Strengths and trade-offs#
Strengths
- Built for low-latency mediaThe framework sits on LiveKit WebRTC infrastructure, so voice and video interaction are first-class parts of the agent instead of an add-on to text chat.
- Apache-2.0 agent frameworkThe repository is Apache-2.0, which gives teams a permissive base for commercial agent applications and self-hosted deployments.
Trade-offs
- -Realtime systems require infrastructure disciplineVoice agents need media servers, model provider keys, job dispatch, and latency monitoring. A simple chatbot platform is easier if your product only needs text.
Install and self-host#
pip install "livekit-agents[openai,silero,deepgram,cartesia,turn-detector]"What it's built on#
- Languages
- CPython
FAQ#
Is LiveKit Agents open source?
Yes. The LiveKit Agents repository is Apache-2.0 licensed, and the README points to self-hosting the wider LiveKit stack.
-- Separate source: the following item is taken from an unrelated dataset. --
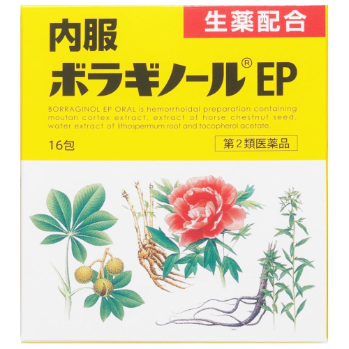 | 医薬品の使用期限 医薬品に関しては特別な表記の無い限り、1年以上の使用期限のものを販売しております。1年以内のものに関しては使用期限を記載します。 名称 痔疾用薬 内容量 16包 使用方法・用法及び使用上の注意 次の量を食後に水またはお湯で服用すること。 年齢:1回量:1日服用回数 成人(15歳以上):1包:2回 15歳未満:服用しないこと 用法・用量に関連する注意 用法・用量を厳守すること。 ■してはいけないこと (守らないと現在の症状が悪化したり,副作用が起こりやすくなる) 次の人は服用しないこと 本剤または本剤の成分によりアレルギー症状を起こしたことがある人。 ■相談すること 1.次の人は服用前に医師,薬剤師または登録販売者に相談すること (1)医師の治療を受けている人。 (2)妊婦または妊娠していると思われる人。 (3)薬などによりアレルギー症状を起こしたことがある人。 (4)次の診断を受けた人。 フェニルケトン尿症 2.服用後,次の症状があらわれた場合は副作用の可能性があるので,直ちに服用を中止し,この文書を持って医師,薬剤師または登録販売者に相談すること [関係部位:症状] 皮膚:発疹・発赤,かゆみ 消化器:食欲不振,吐き気・嘔吐 3.服用後,次の症状があらわれることがあるので,このような症状の持続または増強が見られた場合には服用を中止し,この文書を持って医師,薬剤師または登録販売者に相談すること 下痢 4.1カ月位服用しても症状がよくならない場合は服用を中止し,この文書を持って医師,薬剤師または登録販売者に相談すること 効能・効果 次の場合の症状の緩和:痔核(いぼ痔)、きれ痔、痔出血 成分・分量 2包(2g:成人の1日服用量)中 成分:含量 生薬エキス:ボタンピエキス:300mg(牡丹皮1200mgより抽出) 生薬エキス:セイヨウトチノキ種子エキス:100mg(西洋栃の木の種子600mgより抽出) 生薬エキス:シコン水製エキス:300mg(紫根900mgより抽出) ビタミン:ビタミンE酢酸エステル(トコフェロール酢酸エステル):100mg 添加物:アスパルテーム(L-フェニルアラニン化合物)、乳糖水和物、軽質無水ケイ酸、ケイヒ末、カルメロースナトリウム、カンゾウエキス 成分に関連する注意 本剤は生薬(薬用の草根木皮など)を用いた製品ですから、製品により顆粒の色調や味が多少異なることがありますが、効果にはかわりありません。 配合生薬について ボタンピ:ボタン(牡丹)は、生薬として根皮を用いることからボタンピ(牡丹皮)と称し、中国最古の薬物書「神農本草経」に収載されている重要な生薬の1つです。ボタンピから抽出したエキスは血液循環を改善し、炎症をおさえます。 セイヨウトチノキの種子:西洋栃の木は「マロニエ」の名でも知られ、種子のエキスはドイツ・フランスなどで痔の治療に用いられています。セイヨウトチノキ種子エキスは血液循環を改善し、炎症をおさえます。 シコン:根皮の色が名前の由来となっているシコン(紫根)は、紫草として「神農本草経」に収載されているムラサキの根で、外用としても古来より痔の治療に用いられています。シコンから抽出したエキスは炎症をおさえます。 保管および取扱い上の注意 (1)直射日光の当たらない湿気の少ない涼しい所に保管すること。 (2)小児の手の届かない所に保管すること。 (3)他の容器に入れ替えないこと(誤用の原因になったり品質が変わる)。 (4)使用期限を過ぎた製品は服用しないこと。 ・副作用被害救済制度 0120-149-931 賞味期限又は使用期限 パッケージに記載 発売元、製造元、輸入元又は販売元、消費者相談窓口 天藤製薬株式会社大阪府豊中市新千里東町1-5-3電話:0120-932-904(お客様相談係) 原産国 日本 商品区分 医薬品 |

Can LiveKit Agents handle voice instead of text only?
Yes. The framework is built for realtime voice and multimodal agents with STT, TTS, LLM, and turn-detection integrations.
Is LiveKit Agents a replacement for Twilio?
It can replace parts of a paid realtime media or telephony stack when you want control over the WebRTC and agent layer. Twilio may still fit teams that only want managed phone infrastructure.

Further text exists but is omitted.